▶ [Entries provided]
- - - -
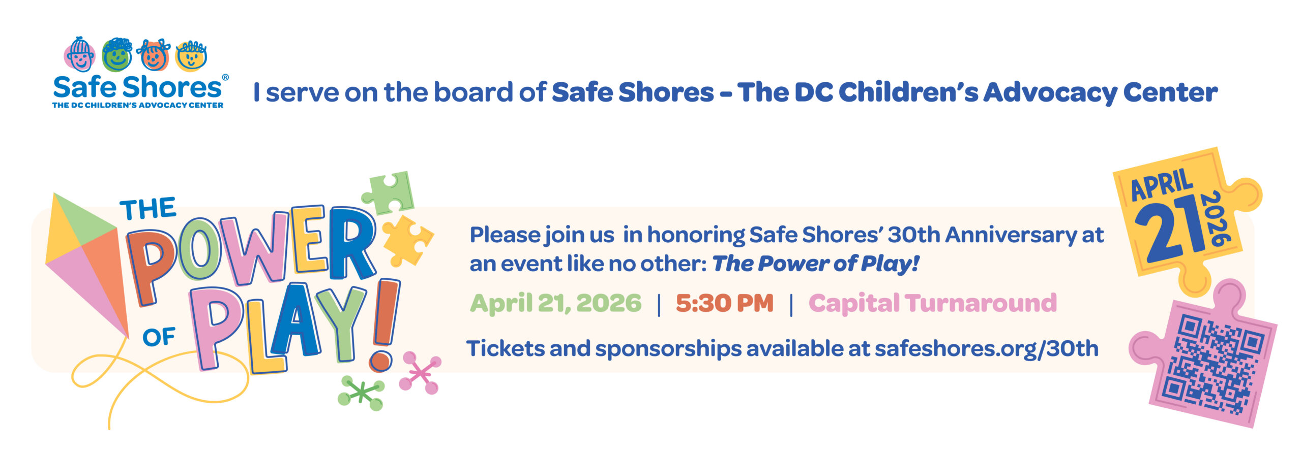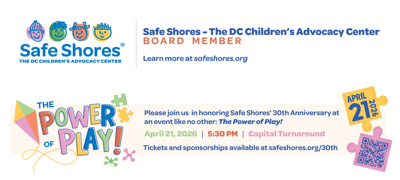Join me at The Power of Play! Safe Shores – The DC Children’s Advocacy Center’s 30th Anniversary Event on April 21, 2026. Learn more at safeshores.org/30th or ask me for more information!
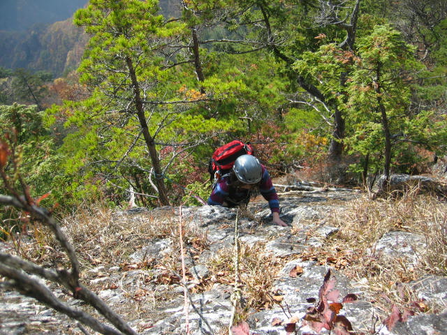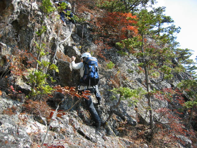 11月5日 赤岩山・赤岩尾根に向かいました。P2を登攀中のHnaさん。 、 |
- - - -
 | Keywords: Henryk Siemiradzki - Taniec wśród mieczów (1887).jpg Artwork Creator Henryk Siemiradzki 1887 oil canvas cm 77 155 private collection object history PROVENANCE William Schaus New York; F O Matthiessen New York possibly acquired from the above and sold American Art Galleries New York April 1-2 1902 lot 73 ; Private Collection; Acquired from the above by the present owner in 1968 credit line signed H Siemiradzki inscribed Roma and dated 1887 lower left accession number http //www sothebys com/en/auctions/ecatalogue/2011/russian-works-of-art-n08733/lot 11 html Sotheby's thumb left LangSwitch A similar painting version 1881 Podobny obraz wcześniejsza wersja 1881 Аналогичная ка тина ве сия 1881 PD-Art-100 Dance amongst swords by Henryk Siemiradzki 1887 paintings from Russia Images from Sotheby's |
- - - -
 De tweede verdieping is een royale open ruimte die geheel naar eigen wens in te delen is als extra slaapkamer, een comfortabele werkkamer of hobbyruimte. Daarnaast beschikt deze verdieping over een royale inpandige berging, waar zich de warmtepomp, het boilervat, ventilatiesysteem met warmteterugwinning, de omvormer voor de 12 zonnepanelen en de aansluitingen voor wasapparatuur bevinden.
- - - -
▶ [Activity]
In the entries above, find the line containing "Join me at The" and the line containing "11月5日 赤岩山・赤岩尾根に向かいました。P2を登攀中のHnaさん。 、 |"; give again exactly those two lines and every line between them, minus the pictures.

▶ [Response for this exercise]
Join me at The Power of Play! Safe Shores – The DC Children’s Advocacy Center’s 30th Anniversary Event on April 21, 2026. Learn more at safeshores.org/30th or ask me for more information!
 11月5日 赤岩山・赤岩尾根に向かいました。P2を登攀中のHnaさん。 、 |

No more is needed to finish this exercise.